The third planet in the Oso system is a gas giant. Oso III began life as a rogue Jupiter that fell into rotation around the system’s star. The planet is distinguished by slight green and white color variations generated by its silicate clouds. From a scientific standpoint, Oso III would be largely uninteresting save for its proximity to Oso II. As such, it’s frequently cited as evidence to support the theory that gas giants can act as ‘comet shields’ which allow higher forms of life to evolve. Unmanned scientific monitoring stations are positioned at the planet’s Lagrange points to track and catalog meteor impacts.
Oso IV is an uninhabited coreless planet which once boasted a surface rich in gems and mineral resources that were likely exposed due to some sort of planetary catastrophe. These resources were very quickly (and quietly) picked clean by rogue mining operations shortly after the system’s initial discovery. Oso IV has no atmosphere and there is an ongoing (but not especially vehement) argument in the scientific community as to whether or not an atmosphere ever existed. Today, there is nothing to argue for a landing on Oso IV.

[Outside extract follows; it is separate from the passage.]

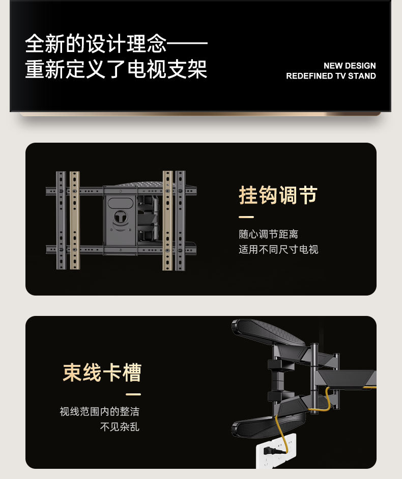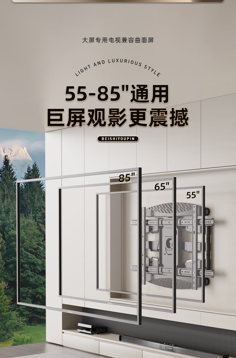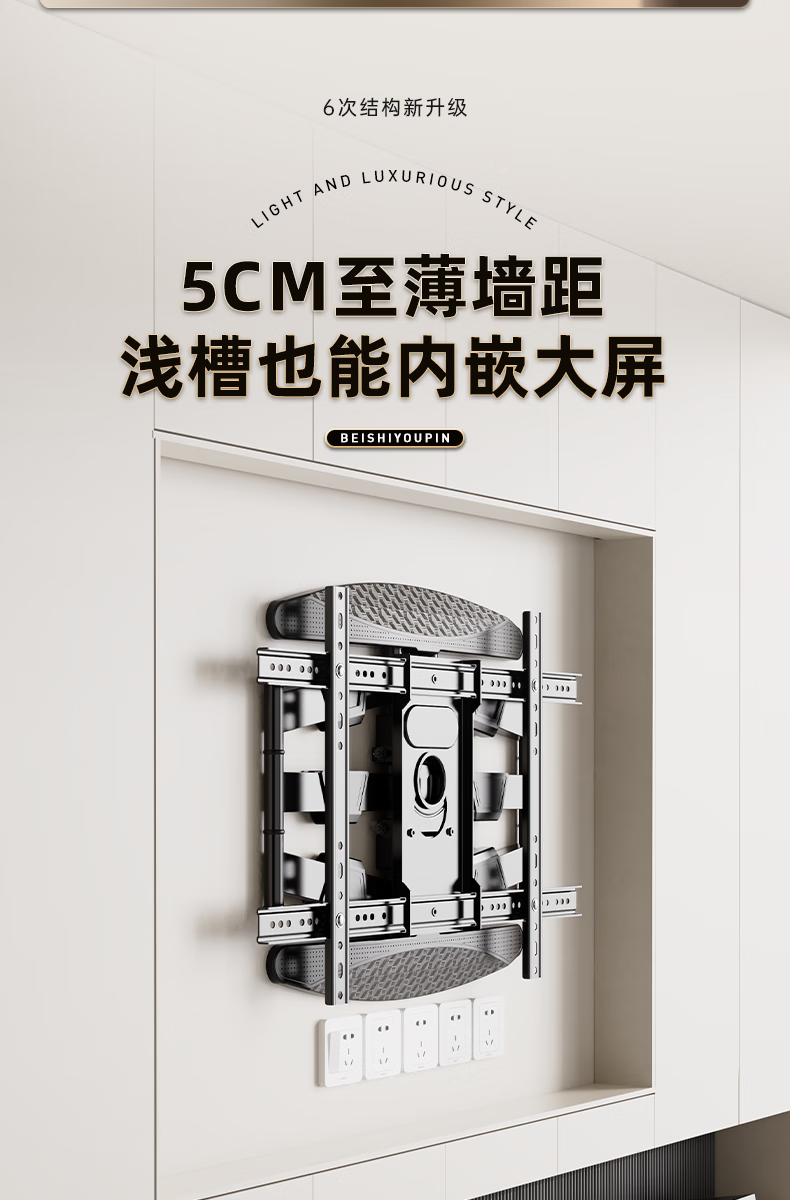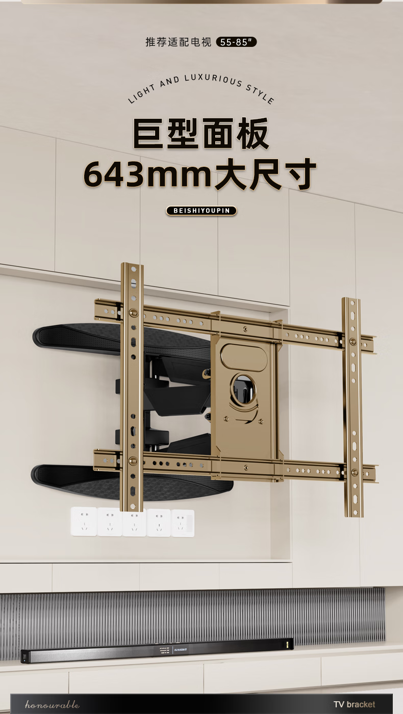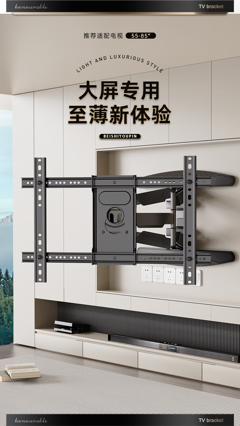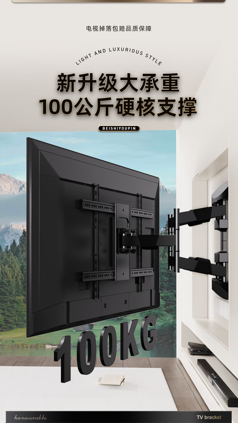 Beishi TV Telescopic Rack Universal TV Bracket TV Rotating Wall Mount Suitable for Konka Changhong Hisense Thunderbird TCL Sony Skyworth Coolkai and other TV racks 55-100 inches eight-arm solid shaft/3.8cm ultra-thin wall mount

Observation Base Chimera is home to Oso’s rotating military contingent charged with protecting the system from outside interference. While its intention is noble, the effectiveness of that intention has been under fire recently as allegations of negligence caused a Senate inquiry into the daily operations of the base. This review revealed consistent average and below average performance reports for nearly all Army personnel assigned to the station, as well as evidence of corruption, bribery and even extortion. Despite a regular crew rotation, internal Army station reports, previously kept hidden, have corroborated the Senate’s findings and have made public Chimera’s internally well-known reputation of hosting burnouts and failures. While the situation says little for the Army’s reputation, the Senate report painted a myriad of opportunities for any businessmen willing to work outside the law. At any time desired, it was possible to pay off the local crews to avoid interception, visit Oso II and escape the system unharmed (and unscanned). The effects of this inquiry are still being felt today. The Imperator cited the findings in his decree to High Command to immediately restructure Chimera’s operating policy and implement consistent checks from civilian auditors to make sure it was operating ethically.

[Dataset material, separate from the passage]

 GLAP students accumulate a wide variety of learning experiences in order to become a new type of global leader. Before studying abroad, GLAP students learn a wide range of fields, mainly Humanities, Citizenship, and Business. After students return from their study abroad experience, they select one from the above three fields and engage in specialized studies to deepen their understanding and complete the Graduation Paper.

Note that the edict against travel to Oso is actually only enforced against those approaching the inner planets. A high volume of legitimate transports and other ships transit through the system on unrelated routes, to the point that a Covalex shipping hub has been established in the outer reaches.

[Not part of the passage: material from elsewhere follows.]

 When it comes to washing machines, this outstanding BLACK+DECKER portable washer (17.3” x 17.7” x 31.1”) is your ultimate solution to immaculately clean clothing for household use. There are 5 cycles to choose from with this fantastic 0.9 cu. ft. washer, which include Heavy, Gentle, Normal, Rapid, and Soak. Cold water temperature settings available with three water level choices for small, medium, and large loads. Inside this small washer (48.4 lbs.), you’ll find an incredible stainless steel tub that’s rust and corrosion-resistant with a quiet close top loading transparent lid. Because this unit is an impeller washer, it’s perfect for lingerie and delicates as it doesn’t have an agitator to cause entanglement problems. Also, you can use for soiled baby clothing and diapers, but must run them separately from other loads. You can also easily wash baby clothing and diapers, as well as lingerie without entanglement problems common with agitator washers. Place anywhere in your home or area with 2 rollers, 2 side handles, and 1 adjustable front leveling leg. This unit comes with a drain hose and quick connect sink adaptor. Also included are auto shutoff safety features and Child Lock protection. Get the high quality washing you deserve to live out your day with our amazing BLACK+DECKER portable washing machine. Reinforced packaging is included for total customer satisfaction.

The fifth and sixth planets in the Oso system are generally uninteresting and have largely been avoided since the initial glut of scientific surveys. Oso V is an ice giant, nothing more than a churning mass of ammonia vapor that cannot sustain Human life. The most distant planet in the system, Oso VI, is a dwarf planet offering little of value. The only mining report ever conducted erroneously claimed the presence of concentrated iron ore. This was the result of a later-corrected sensor intolerance and not actual evidence of valuable minerals on the surface, as can be attested by unsuccessful miners unaware of these errors.
Heard in the Wind
"To look into the eyes of an Osoian is to look into our own past and see the potential to evolve and grow that lies within us all. For every species we encounter who we shadow with our advancements, you must ask, is there yet still a species out there by whom we ourselves will be overshadowed?"